Fonts from the original period of transitional typefaces include early on the "romain du roi" in France, then the work of Pierre Simon Fournier in France, Fleischman and Rosart in the Netherlands, Pradel in Spain and John Baskerville and Bulmer in England. Among more recent designs, Times New Roman (1932), Perpetua, Plantin, Mrs. Eaves (1996) and the earlier "modernised old styles" have been described as transitional and sometimes also as old-style.
Later 18th-century transitional typefaces in Britain begin to show influences of Didone typefaces from Europe, described below, and the two genres blur, especially in type intended for body text; Bell is an example of this.
Didone
Didone, or modern, serif typefaces, which first emerged in the late 18th century, are characterized by extreme contrast between thick and thin lines. These typefaces have a vertical stress and long and fine serifs, with minimal bracketing (constant width). Serifs tend to be very thin, and vertical lines very heavy. Many Didone fonts are less readable than transitional or old-style serif typefaces. Period examples include Bodoni, Didot, and Walbaum. Computer Modern is a popular contemporary example. The very popular Century is a softened version of the same basic design, with reduced contrast. Didone typefaces achieved dominance of printing in the early nineteenth-century printing before declining in popularity in the second half of the century and especially in the twentieth as new designs and revivals of old-style faces emerged.

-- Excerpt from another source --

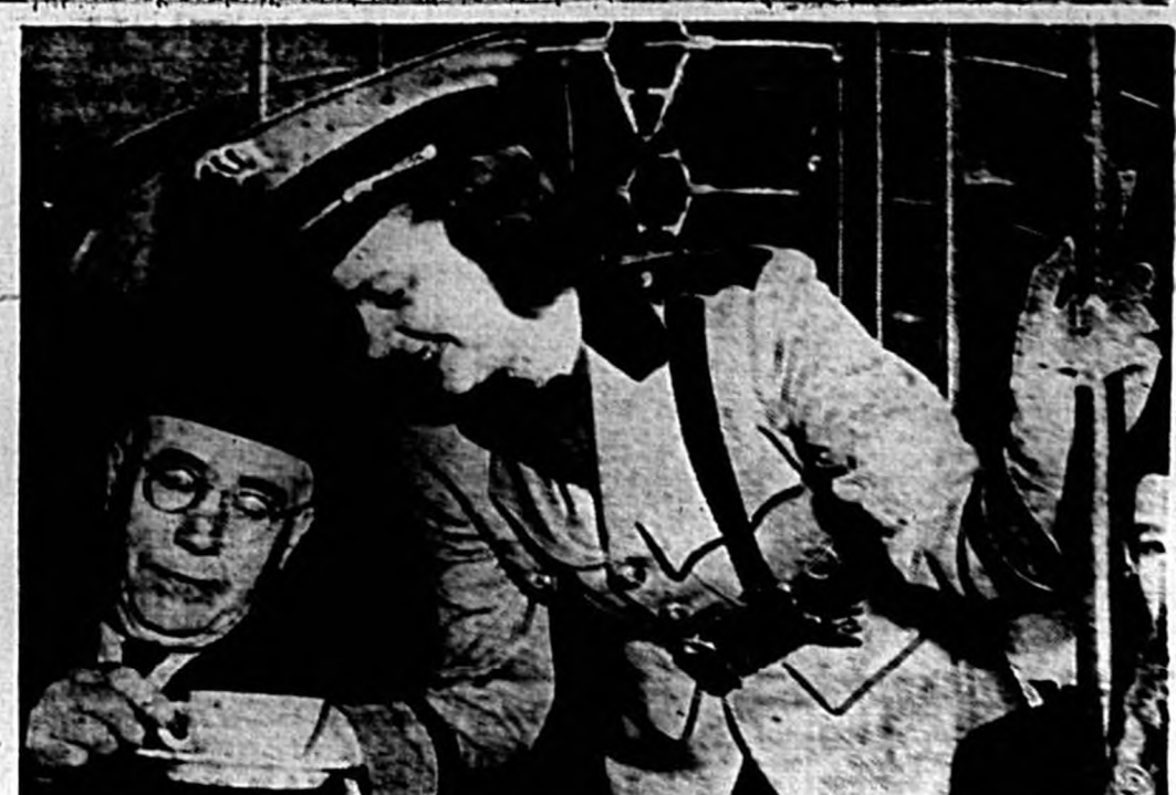
Hustlers for street cars have been put on duty by the Birmingham Electric Co....

In print, Didone fonts are often used on high-gloss magazine paper for magazines such as Harper's Bazaar, where the paper retains the detail of their high contrast well, and for whose image a crisp, "European" design of type may be considered appropriate. They are used more often for general-purpose body text, such as book printing, in Europe. They remain popular in the printing of Greek, as the Didot family were among the first to establish a printing press in newly independent Greece. The period of Didone types' greatest popularity coincided with the rapid spread of printed posters and commercial ephemera and the arrival of bold type. As a result, many Didone typefaces are among the earliest designed for "display" use.
Slab serif
Slab serif typefaces date to about 1800. Originally intended as attention-grabbing designs for posters, they have very thick serifs, which tend to be as thick as the vertical lines themselves. Slab serif fonts vary considerably: some such as Rockwell have a geometric design with minimal variation in stroke width: they are sometimes described as sans-serif fonts with added serifs. Others such as those of the "Clarendon" model have a structure more like most other serif fonts, though with larger and more obvious serifs. These designs may have bracketed serifs that increase width along their length.
Because of the clear, bold nature of the large serifs, slab serif designs are often used for posters and in small print. Many monospace fonts, on which all characters occupy the same amount of horizontal space as in a typewriter, are slab-serif designs. While not always purely slab-serif designs, many fonts intended for newspaper use have large slab-like serifs for clearer reading on poor-quality paper. Many early slab-serif types, being intended for posters, only come in bold styles with the key differentiation being width, and often have no lower-case letters at all.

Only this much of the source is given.